In the Saudi context, by contrast, Dadaw’s cultural faux pas resulted in the lecture theatre’s shared shock, “as though a momentous event had just taken place.” The students in the room cast their collective reproachful glance upon the uninitiated Dadaw. Shaykh Samhari, on his part, responded by walking directly to the seated Dadaw and gently asking: “What are you saying, my son?” Dadaw proceeded to explain the discrepancy, and the scholar asked him to show the class using the board, and traded places with him by sitting in Dadaw’s seat. As the latter explained what he knew on the topic, Samhari, who swiftly absorbed the concepts, recognised their reasonableness. Asking some of the students to retrieve relevant works from the library, he found that they provided further corroboration of what Dadaw had mooted.
Lessons for Muslims in the West
Clearly, contemporary Islamic intellectual culture varies greatly across the Muslim world. However, the above anecdote is suggestive of the fact that the vibrancy of an intellectual culture that cultivates collegial scholarly discussion and debate is likely to produce more capable scholars. Dadaw is an exceptional scholar by any measure, but there is certainly something to be said for the intellectual culture that produced him and how it contrasts with the scholarly culture in which the above anecdote was played out.
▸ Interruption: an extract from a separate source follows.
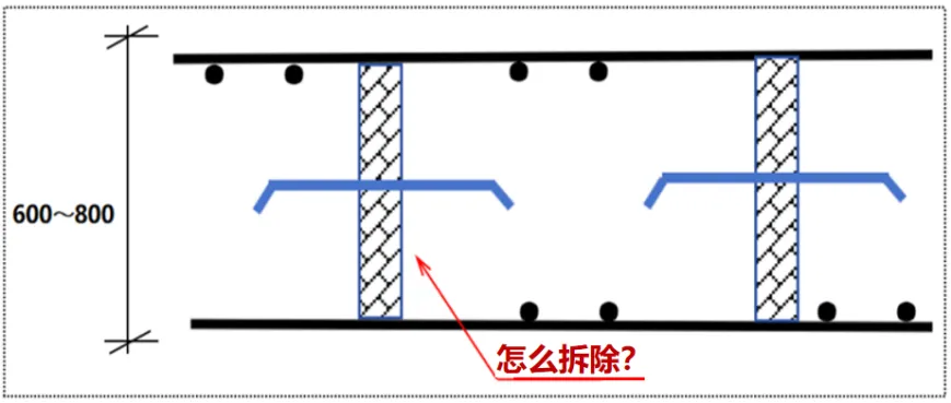 我们回头再看被采纳的回答:不需要,也不应再单独计算筏板后浇带的模板费用。砖胎模已经起到了后浇带侧模的作用。由此可见,两位“专家”连砖模用在哪里都不知道,说明最基本、起码的施工常识都不清楚。 按照专家的回答,如果真的将“钢筋支架 + 钢板网或快易收口网”改用砖模,那么在“上有钢筋封盖,中被止水钢板隔断”的后浇带中如何拆除、清理这些砖模?如果说筏板很厚,也不讲成本,在钢筋上就开个洞,人可以进去作业的话,那么只有600mm~800mm厚的筏板,扣除上下四根的钢筋和钢筋保护层,人就根本无法进入,这钢板止水带下面的砖模怎么拆除?(见下示意图)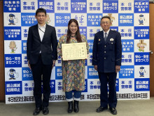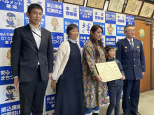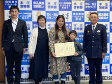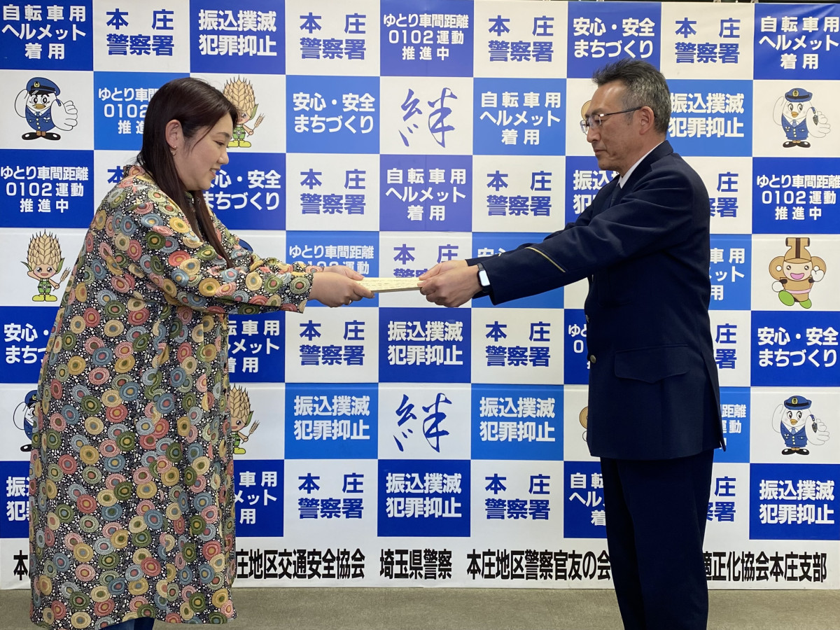 坂内信之本庄警察署長から感謝状を受け取る田島翔子さん

Returning to my earlier reference to what Western Muslims can learn from such scholars and anecdotes, there is no doubt a need to cleave more closely on the part of Western Muslims to a culture that engages critically with one’s teachers and scholars, all the more so as such a critical posture is celebrated in Western culture, while the stance of deference may even be viewed with derision. Furthermore, given the fast pace of change in the modern period, critical insights are needed to preserve the vibrancy of a religious tradition that risks falling further into a sclerotic condition. Some such insights may cause one’s fellows to collectively look askance at one’s interventions, but that does not necessarily mean they will not be borne out by fair-minded deliberation.